Maybe if we can't get the build id by reading the in-memory binary we could try to read it from the file (if present)? We changed to reading in-memory because in some cases the files are not present, but it's not an unreasonable fallback. It might incur a lot of extra IO though, I'm unsure how commonly we fail to find the build id. Note that we don't have this issue for SONAME because we can get everything we need from the PT_DYNAMIC segment.
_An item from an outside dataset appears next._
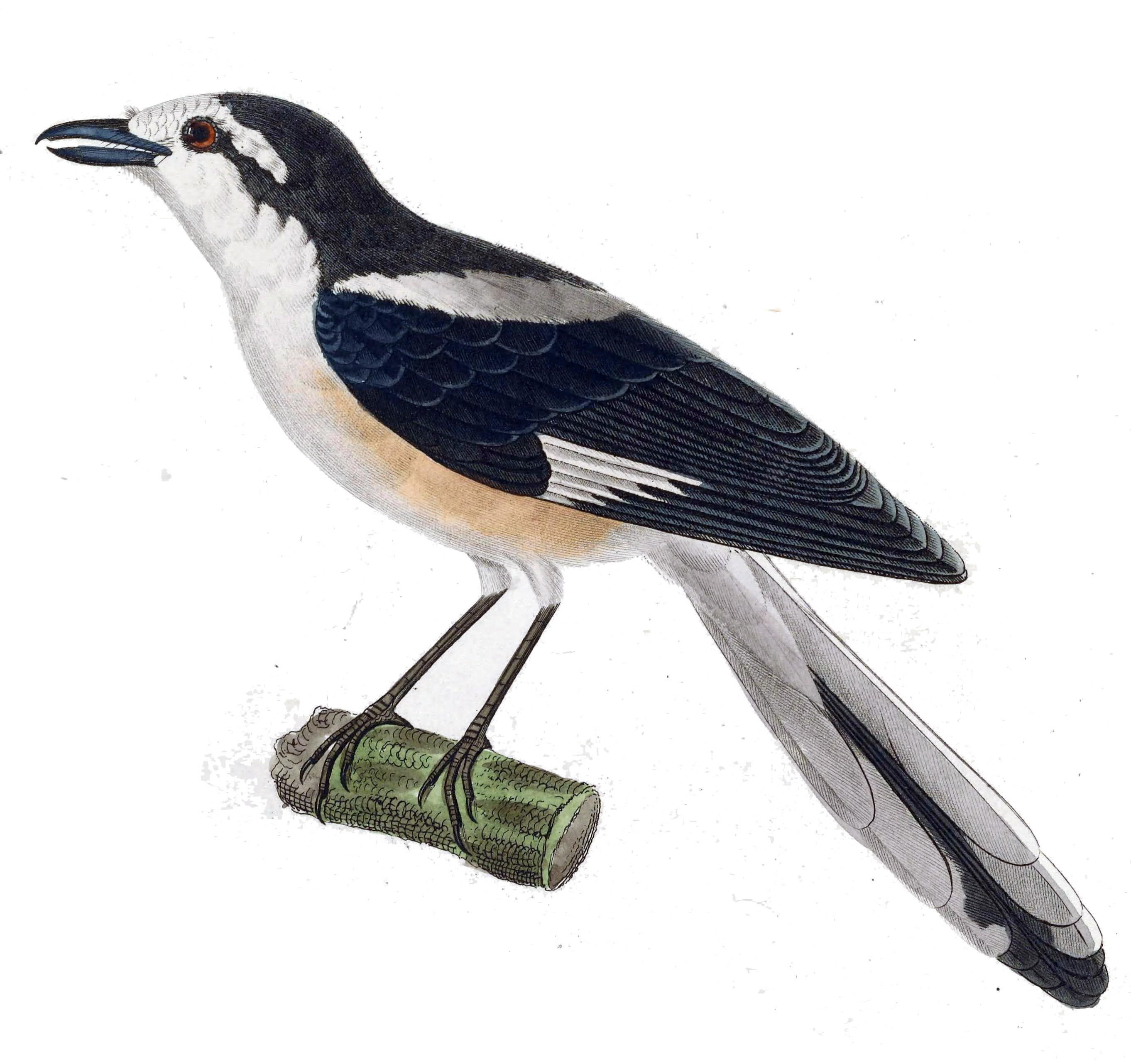 « Lanius personatus » = Lanius nubicus (Masked Shrike) - adult male

The other no-good dirty-rotten hack we could do is just look ahead after the PT_NOTE segment(s) if we don't find the build id in the hopes that the note section is there (I'm willing to bet it's commonly found there).
Without this, integer overflow will cause a panic when we should gracefully fail. It's very possible the start address or offset could be incorrect/corrupted.